Exercise instructions — Could you output each line below exactly as it appears, excluding any pictures?

Data shown —
——

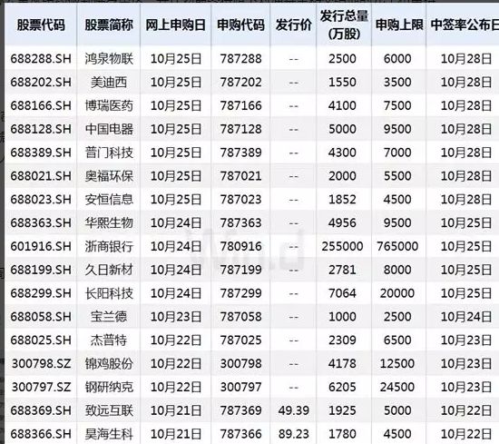 下周A股市场将迎来17只可申购个股。包括1只主板个股、2只创业板个股,以及14只科创板个股。。
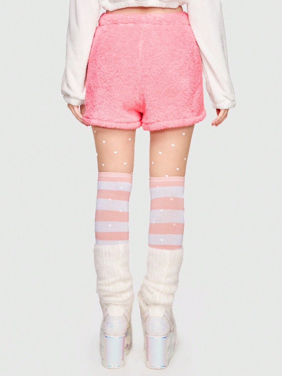 Kawaii Shorts con estampado de dibujos animados de cintura con cordón de franela
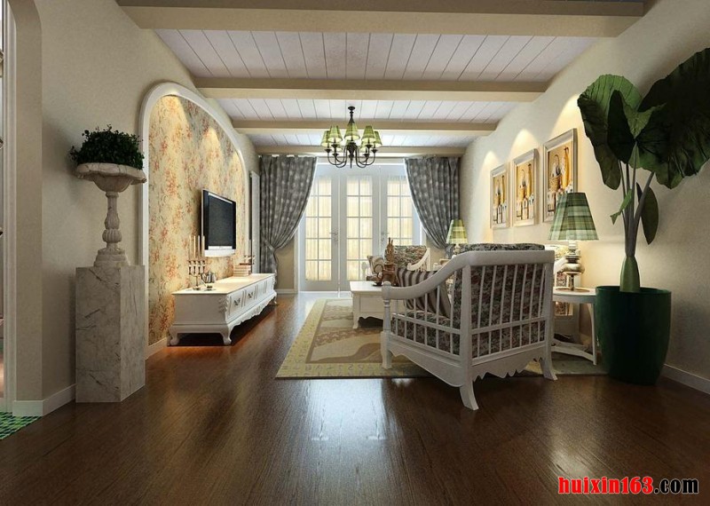 此套设计整体色调淡雅别致、清新自然,风格显得格外简洁明快,时尚现代。十分符合设计风格特点。案例中大量使用木质家居用品和建材,例如沙发组套和茶几的象牙白色木质,与电视柜的象牙白色木质,再与电视背景墙的象牙白色拱形镶边木质,最后到顶棚的白色复合材料质地,白色点缀了整个空间的色彩平衡,地板采用实木地板,墙纸采用咖色壁纸与复合材料相结合的方式,顶棚采用复合材料吊顶的形式,而且以粗犷的线条勾勒出极尽简约之感,一举两得,省心省力。

——

Task output —
 下周A股市场将迎来17只可申购个股。包括1只主板个股、2只创业板个股,以及14只科创板个股。。
 Kawaii Shorts con estampado de dibujos animados de cintura con cordón de franela
 此套设计整体色调淡雅别致、清新自然,风格显得格外简洁明快,时尚现代。十分符合设计风格特点。案例中大量使用木质家居用品和建材,例如沙发组套和茶几的象牙白色木质,与电视柜的象牙白色木质,再与电视背景墙的象牙白色拱形镶边木质,最后到顶棚的白色复合材料质地,白色点缀了整个空间的色彩平衡,地板采用实木地板,墙纸采用咖色壁纸与复合材料相结合的方式,顶棚采用复合材料吊顶的形式,而且以粗犷的线条勾勒出极尽简约之感,一举两得,省心省力。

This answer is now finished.